**SUPPLIED DATA**:

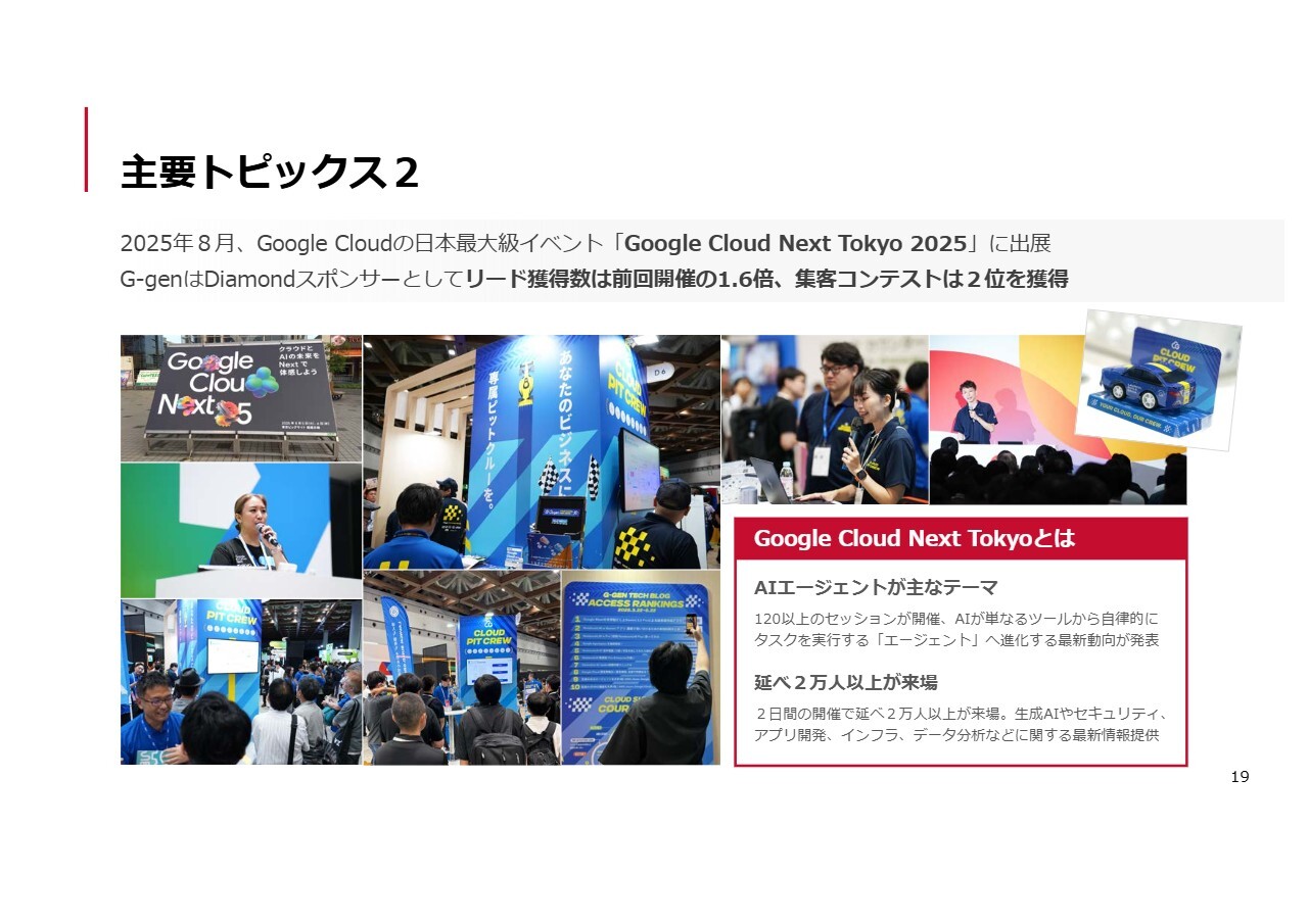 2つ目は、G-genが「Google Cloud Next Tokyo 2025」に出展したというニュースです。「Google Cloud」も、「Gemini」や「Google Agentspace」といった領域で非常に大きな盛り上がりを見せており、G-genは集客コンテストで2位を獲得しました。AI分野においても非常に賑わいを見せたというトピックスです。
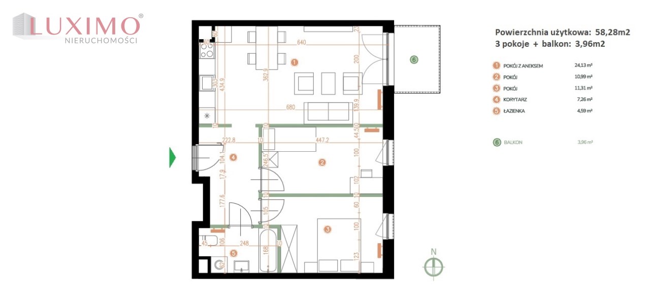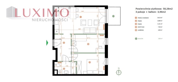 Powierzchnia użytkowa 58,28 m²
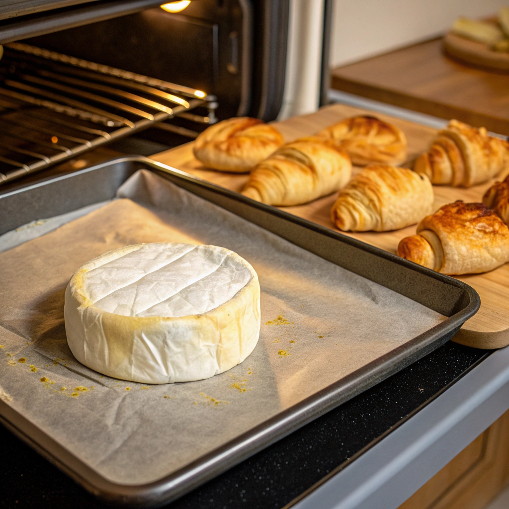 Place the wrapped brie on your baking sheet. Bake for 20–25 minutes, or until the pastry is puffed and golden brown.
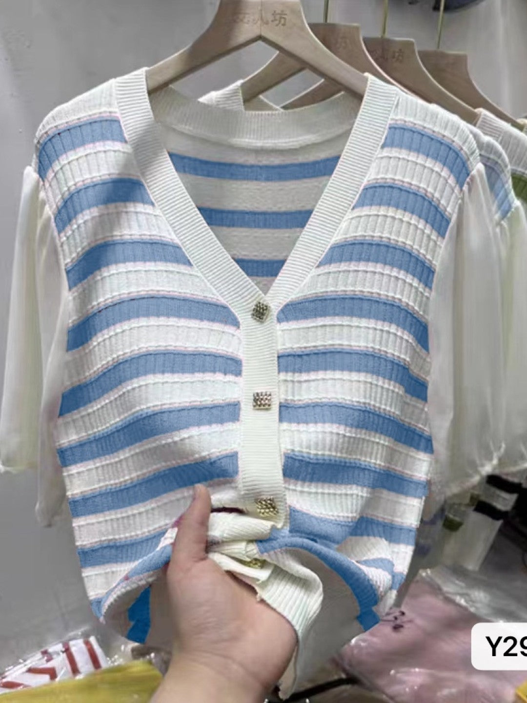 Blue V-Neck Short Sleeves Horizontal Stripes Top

**TASK STATEMENT**:
In the copy, include no pictures; everything else in the material should be written out exactly.

**ANSWER BOX**:
 2つ目は、G-genが「Google Cloud Next Tokyo 2025」に出展したというニュースです。「Google Cloud」も、「Gemini」や「Google Agentspace」といった領域で非常に大きな盛り上がりを見せており、G-genは集客コンテストで2位を獲得しました。AI分野においても非常に賑わいを見せたというトピックスです。
 Powierzchnia użytkowa 58,28 m²
 Place the wrapped brie on your baking sheet. Bake for 20–25 minutes, or until the pastry is puffed and golden brown.
 Blue V-Neck Short Sleeves Horizontal Stripes Top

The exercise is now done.